窓口で寄付の品を預かる様子(太子町社協)

 そして、今年度、地域での支えあい活動を社会福祉法人・施設が率先して進めていくことを目的に「ほっとかへんネット」の設立を呼びかけ、地域の高齢・障害・保育などの法人が一体となり、各法人の専門性を活かした住民向け相談会を計画しています。町社協に寄せられる相談は経済的な問題だけでなく、就労や子育てなど幅広く複合的な問題もあります。社会福祉法人が中心となった地域づくりの取り組みにより、多様な主体が参画し、連携することで、問題を解決に結び付ける資源を手厚くし、町民からの善意を広げていきながら、まずはできることから着実に取り組みを進めようとしています。

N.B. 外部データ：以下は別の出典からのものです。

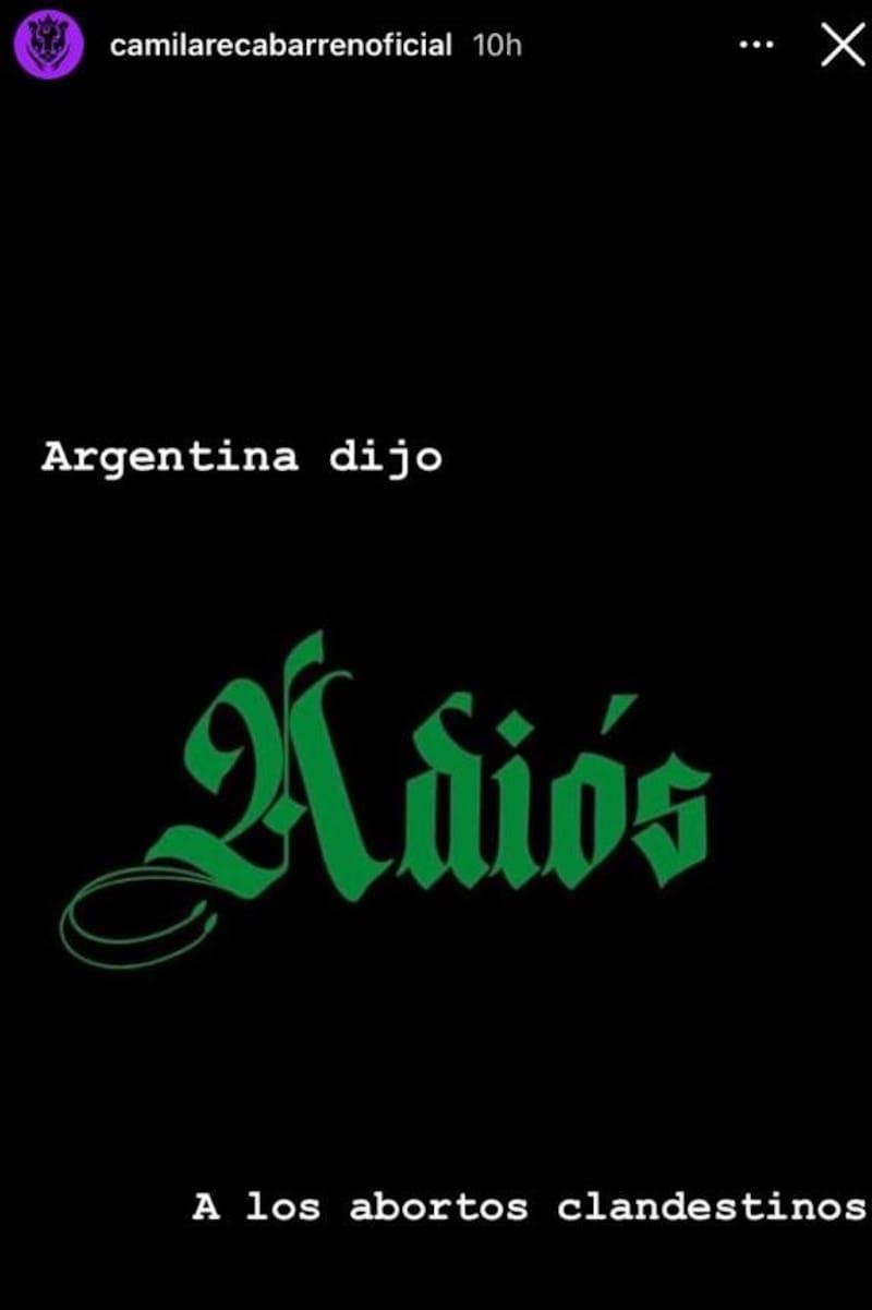 La modelo y actriz, Camila Recabarren, también se dio el espacio de aclamar este hito histórico del país vecino, tocando una de las problemáticas que se derivaban ante la ilegalidad del aborto. En sus historias de Instagram escribió: "Argentina dijo adiós a los abortos clandestinos".

地域での包括的な支援体制づくりと地域力のアップにつなげる

 2つの事例から、複雑・多様化する今日の生活課題は、社協だけで取り組めるものではなく、多職種・他機関とのネットワークによる支援が大切ということがわかります。また、市社協の事例のように、一般企業などさまざまな機関と連携することで、地域のセーフティネットの充実、ひいては包括的な支援体制づくりにもつながります。
 紹介した事例だけでなく、県内社協では、丁寧な相談支援に取り組むとともに、相談から見えてきた課題を地域の課題として共有し、関係機関とともに解決に向けて取り組んでいます。これは、相談者が抱えている問題を深刻化させないこと、そして問題が発生するのを防ぐための取り組みにつながり、地域力アップにつながります(図表3参照)。

【図表3】地域力アップにつなげる仕組み

 本事業では「ほっとかへんネット」との連携を前面に打ち出しています。社会福祉法人・施設は、「ほっとかへんネット」の取り組みを通じ、これまで県内社協と連携してきました。生活困窮課題への取り組みは、両者のさらなる連携・協働が必要不可欠であることから、担当職員を配置し「ほっとかへんネットワーカー」としました。
 今後も、本事業の推進に向けて、県内社協職員との情報交換の場づくり、相談支援のスキルアップの研修のほか、県内の実践事例の収集・発信、経営協をはじめとした関係機関との連携による生活困窮者支援の強化に取り組んでいきます。